Interspecies Justice in the History of Western Political Thought

Edited volume in collaboration with Dr. Serrin Rutledge-Prior, Australian National University

With the collection we seek to advance our understanding of interspecies justice and the political obstacles that might stand in the way of its implementation. With the aim of extending theories of justice and related political concepts to animals - and dismantling those that are not flexible enough to encompass animals - the book adopts a view of animals as more than merely objects of moral concern. Rather, the book is committed to a view of animals as agentic, self-determining, other-regarding beings, who exist both as individuals and as members of human-nonhuman, and their own, (political) communities.

In re-reading the Western canon through the lens of animal agency, the book’s key contribution will be to critically analyse the foundations of Western political thought by de-centring the place of the human in this tradition. It seeks to highlight the explicit and implicit assumptions that canonical political thinkers have made about animals and how this has impacted on their thought - and the social, political, and economic systems that have arisen on the basis of these ideas. By so doing, we aim to determine whether, and to what extent, a more informed understanding of animals and their capacities might challenge long-held Western notions about justice.
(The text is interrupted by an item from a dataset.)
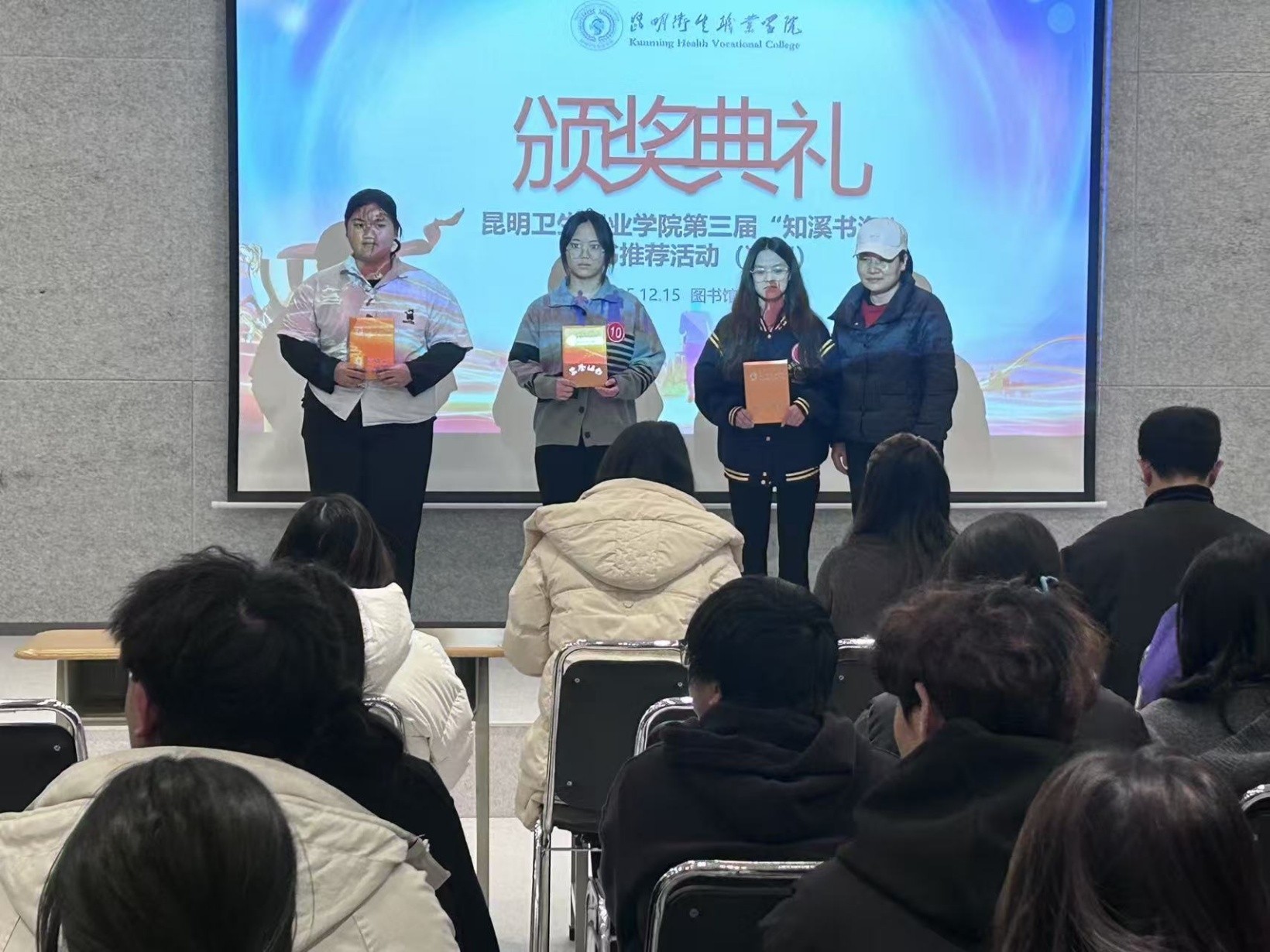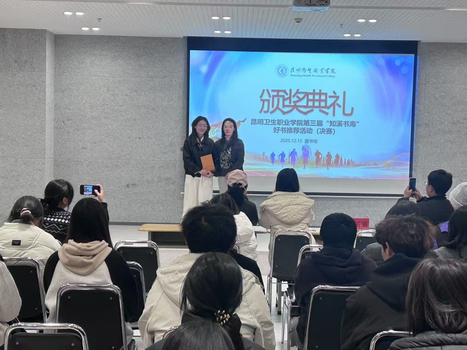 为持续响应国家全民阅读号召,进一步激发全校学生的阅读热情,挖掘经典与新锐优质书籍,培育学生深度阅读的良好习惯,营造“爱读书、读好书、善读书”的校园文化氛围,促进师生间的知识交流与思想碰撞,2025年12月15日晚,由昆明卫生职业学院图书馆主办的第三届“知溪书海”好书推荐活动在新图书馆二楼论坛室顺利举行。

Ultimately, we ask ‘what remains?’ of the Western canon (both in relation to a negative and a positive legacy, and both inside and outside of Europe) when we challenge the notion that (certain privileged groups of) humans are both unique and uniquely valuable.

In addressing the question of how animals have been represented politically in the history of Western political thought, we take seriously how this canon has - rightly - been subject to challenge, criticism, and rejection. As such, in referring to it, we do not seek to reproduce and reconfirm it. Indeed, the promotion of a (superior) Western canon in political and intellectual thought has become untenable today. Not only have its oppressive orientation and consequences been called out, but current scholars such as Achille Mbembe, Susan Buck-Morss and Dipesh Chakrabarty, among many others, have also highlighted how both Western/European and non-Western/non-European perspectives have always permeated and shaped each other in their intermingling. The renunciation and questioning of such a Western canon, moreover, has undermined its central cohesiveness from within over recent decades, by producing a wealth of research on differing and dissenting perspectives and opinions in Western political and intellectual thought as well. LIkewise, it is clear that its legacy remains effective today, a problem that we need to reckon with.